Noble calls Christians to be bold in sharing their faith this Easter, because it’s never been easier to invite someone to “church.” Noble and Open Doors have heard evidence that more people are searching for answers during the COVID-19 pandemic.

“People who have not talked to God or looked for God or pursued God in decades upon decades are suddenly looking for an answer to what is happening,” says Noble. “It’s an incredible opportunity because people don’t need to go into church and be intimidated by meeting the community; they can jump online and join the church services.

“There is some hardship, but this is not a time for church to be falling apart.” – Murray Noble

“Something that we’re seeing from our church engagement with individuals is that pastors are reporting higher numbers on their livestreams, on their Zoom calls.

“We’re hearing of sons whose mothers haven’t been to church in 20 years, [but] have said, ‘Can I sit in on your livestream? I’m looking for some hope.’

“There is some hardship, but this is not a time for church to be falling apart; it is a time for the church to grow.

“It is an opportunity that we could not have fabricated ourselves.”

Helping local churches

Open Doors Australia has created an online resource to help build up the local church during this “strange and difficult time,” as Noble describes it.

By signing up here for House Church by Open Doors, people can receive a weekly email with free content to help them do church in their homes.

Help offered includes a weekly video message for adults with discussion questions and a video message for kids with questions, as well as a memory verse colouring sheet.
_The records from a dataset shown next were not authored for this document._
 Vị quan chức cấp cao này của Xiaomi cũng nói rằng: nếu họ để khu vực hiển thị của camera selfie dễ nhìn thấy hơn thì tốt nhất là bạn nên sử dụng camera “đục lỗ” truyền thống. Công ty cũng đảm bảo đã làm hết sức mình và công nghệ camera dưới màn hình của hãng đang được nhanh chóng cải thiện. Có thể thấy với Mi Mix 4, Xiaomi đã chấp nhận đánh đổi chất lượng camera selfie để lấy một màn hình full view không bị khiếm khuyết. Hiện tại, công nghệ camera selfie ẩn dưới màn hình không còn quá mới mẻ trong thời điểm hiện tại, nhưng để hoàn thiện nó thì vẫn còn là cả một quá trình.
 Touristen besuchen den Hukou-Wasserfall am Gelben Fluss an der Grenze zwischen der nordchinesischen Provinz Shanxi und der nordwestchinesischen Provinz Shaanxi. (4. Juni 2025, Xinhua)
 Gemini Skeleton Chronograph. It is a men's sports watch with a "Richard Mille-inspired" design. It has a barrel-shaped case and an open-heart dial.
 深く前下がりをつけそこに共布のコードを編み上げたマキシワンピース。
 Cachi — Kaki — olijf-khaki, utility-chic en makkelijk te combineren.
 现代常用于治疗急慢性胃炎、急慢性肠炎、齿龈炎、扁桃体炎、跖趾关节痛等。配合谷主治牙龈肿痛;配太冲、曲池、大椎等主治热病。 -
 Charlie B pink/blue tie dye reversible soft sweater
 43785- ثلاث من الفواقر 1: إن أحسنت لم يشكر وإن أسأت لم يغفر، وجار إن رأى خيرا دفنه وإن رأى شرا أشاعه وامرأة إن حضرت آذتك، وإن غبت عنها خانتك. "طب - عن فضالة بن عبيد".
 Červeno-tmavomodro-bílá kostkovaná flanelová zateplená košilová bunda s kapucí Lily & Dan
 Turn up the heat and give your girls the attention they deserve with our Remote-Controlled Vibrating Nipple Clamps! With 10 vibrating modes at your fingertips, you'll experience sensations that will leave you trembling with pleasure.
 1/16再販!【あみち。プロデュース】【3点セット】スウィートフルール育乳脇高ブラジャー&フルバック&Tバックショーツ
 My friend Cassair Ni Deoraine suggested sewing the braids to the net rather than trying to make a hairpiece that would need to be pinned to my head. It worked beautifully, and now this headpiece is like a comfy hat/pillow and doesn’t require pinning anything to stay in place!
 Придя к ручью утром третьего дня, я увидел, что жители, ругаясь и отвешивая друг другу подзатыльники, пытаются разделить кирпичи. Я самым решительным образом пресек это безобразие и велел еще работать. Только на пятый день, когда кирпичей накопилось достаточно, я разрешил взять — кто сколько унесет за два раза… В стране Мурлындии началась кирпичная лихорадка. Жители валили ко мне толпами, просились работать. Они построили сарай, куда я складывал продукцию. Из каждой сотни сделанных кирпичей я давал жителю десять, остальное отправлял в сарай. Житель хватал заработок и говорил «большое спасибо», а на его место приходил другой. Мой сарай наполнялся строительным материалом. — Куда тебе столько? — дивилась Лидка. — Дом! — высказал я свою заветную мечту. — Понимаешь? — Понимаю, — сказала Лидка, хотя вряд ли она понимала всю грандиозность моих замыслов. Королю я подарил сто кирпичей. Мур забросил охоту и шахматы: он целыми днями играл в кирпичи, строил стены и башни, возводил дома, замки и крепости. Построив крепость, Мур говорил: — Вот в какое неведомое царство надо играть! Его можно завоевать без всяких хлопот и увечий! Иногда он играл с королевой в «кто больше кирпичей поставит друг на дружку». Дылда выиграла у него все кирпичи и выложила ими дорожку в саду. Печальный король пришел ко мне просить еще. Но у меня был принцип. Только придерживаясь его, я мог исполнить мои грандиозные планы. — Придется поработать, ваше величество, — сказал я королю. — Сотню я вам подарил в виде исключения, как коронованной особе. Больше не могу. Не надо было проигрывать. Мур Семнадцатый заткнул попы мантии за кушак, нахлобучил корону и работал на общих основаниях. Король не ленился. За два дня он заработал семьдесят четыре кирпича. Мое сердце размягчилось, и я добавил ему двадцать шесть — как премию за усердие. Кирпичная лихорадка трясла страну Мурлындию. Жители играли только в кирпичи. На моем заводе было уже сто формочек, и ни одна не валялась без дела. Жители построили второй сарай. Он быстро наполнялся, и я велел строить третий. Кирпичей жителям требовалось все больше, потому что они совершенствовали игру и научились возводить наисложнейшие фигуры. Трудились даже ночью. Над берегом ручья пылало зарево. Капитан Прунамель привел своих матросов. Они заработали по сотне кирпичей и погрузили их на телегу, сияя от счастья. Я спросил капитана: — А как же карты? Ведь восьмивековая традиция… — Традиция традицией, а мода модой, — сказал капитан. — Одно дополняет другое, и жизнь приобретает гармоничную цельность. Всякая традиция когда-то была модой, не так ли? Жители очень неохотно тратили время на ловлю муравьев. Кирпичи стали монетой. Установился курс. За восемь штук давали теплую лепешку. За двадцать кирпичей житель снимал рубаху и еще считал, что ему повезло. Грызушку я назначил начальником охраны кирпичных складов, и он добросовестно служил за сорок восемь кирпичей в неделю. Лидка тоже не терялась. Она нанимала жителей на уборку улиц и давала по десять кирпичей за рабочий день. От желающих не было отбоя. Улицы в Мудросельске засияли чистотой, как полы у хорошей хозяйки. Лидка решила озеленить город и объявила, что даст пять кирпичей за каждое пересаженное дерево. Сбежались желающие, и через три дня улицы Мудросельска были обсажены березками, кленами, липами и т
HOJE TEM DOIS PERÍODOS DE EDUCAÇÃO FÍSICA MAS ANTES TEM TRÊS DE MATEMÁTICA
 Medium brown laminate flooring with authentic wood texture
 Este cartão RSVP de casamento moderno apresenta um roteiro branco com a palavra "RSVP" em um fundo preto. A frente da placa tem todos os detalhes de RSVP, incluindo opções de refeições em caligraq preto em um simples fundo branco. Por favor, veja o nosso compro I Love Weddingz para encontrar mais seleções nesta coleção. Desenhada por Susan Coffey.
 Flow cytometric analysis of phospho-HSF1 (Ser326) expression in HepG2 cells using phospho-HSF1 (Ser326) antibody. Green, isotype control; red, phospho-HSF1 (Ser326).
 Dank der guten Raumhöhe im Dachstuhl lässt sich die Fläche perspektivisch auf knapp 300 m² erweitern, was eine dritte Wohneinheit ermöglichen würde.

“When it was announced that churches would have to close down because meetings of more than 100 people were closing down, we realised that we needed to step up and help the Australian and New Zealand church,” Noble explains.

“Alongside that we realised … we had these stories from our field countries who meet in house churches, and their experiences and their wisdom – and now we can bring that back to Australia and New Zealand and help the church with these lessons.”

Noble says house church and online church can be viewed as almost the same in the current situation.

“When two or more meet, then the presence of the Lord is there and so we would still say that is a church meeting … with the technology that we have, we would still say you’re still meeting in a house church, you’re meeting from home, gathering with other believers to celebrate Christ.”

Pursue deeper personal faith

The other great lesson from the hardship and isolation of the persecuted church is the opportunity to pursue a deeper personal faith.

Noble gives the example of a Chinese pastor, Wang Ming-Dao, who spent 22½ years in prison in the 1970s and 1980s, a lot of that time in solitary confinement.

“It’s a gift that we have now in isolation to focus on God …” – Murray Noble

“He said that was the most faith-deepening experience of his life because he could do nothing in that cell except turn to God and talk to God. So he’d talk about in isolation building a ‘cell’ that says, ‘in this space, I will focus purely on God and build my relationship with him.’

“And now that we’re facing isolation, in a way that ‘cell’ has been built for us.

“There’s so many distractions – there’s internet, there’s TV, there’s newspapers wanting our attention – but what does it look like if we stop and build that ‘cell’ and say, ‘I want to go deep with God in that time?’

“It’s a gift that we have now in isolation to focus on God, so focus on God and share Jesus’s story at Easter, even more than you normally would because people are really searching.”

This Easter, Open Doors is also running its One With Them campaign that asks people to donate $100 to support the persecuted church.

“Because this Easter, not only is there the threat of attacks still, but in a number of countries Christians are the last to receive any resources and medical aid or emergency relief because they are Christian,” explains Noble.

“Especially with COVID-19 happening, more Christians are in need than ever before at Easter.”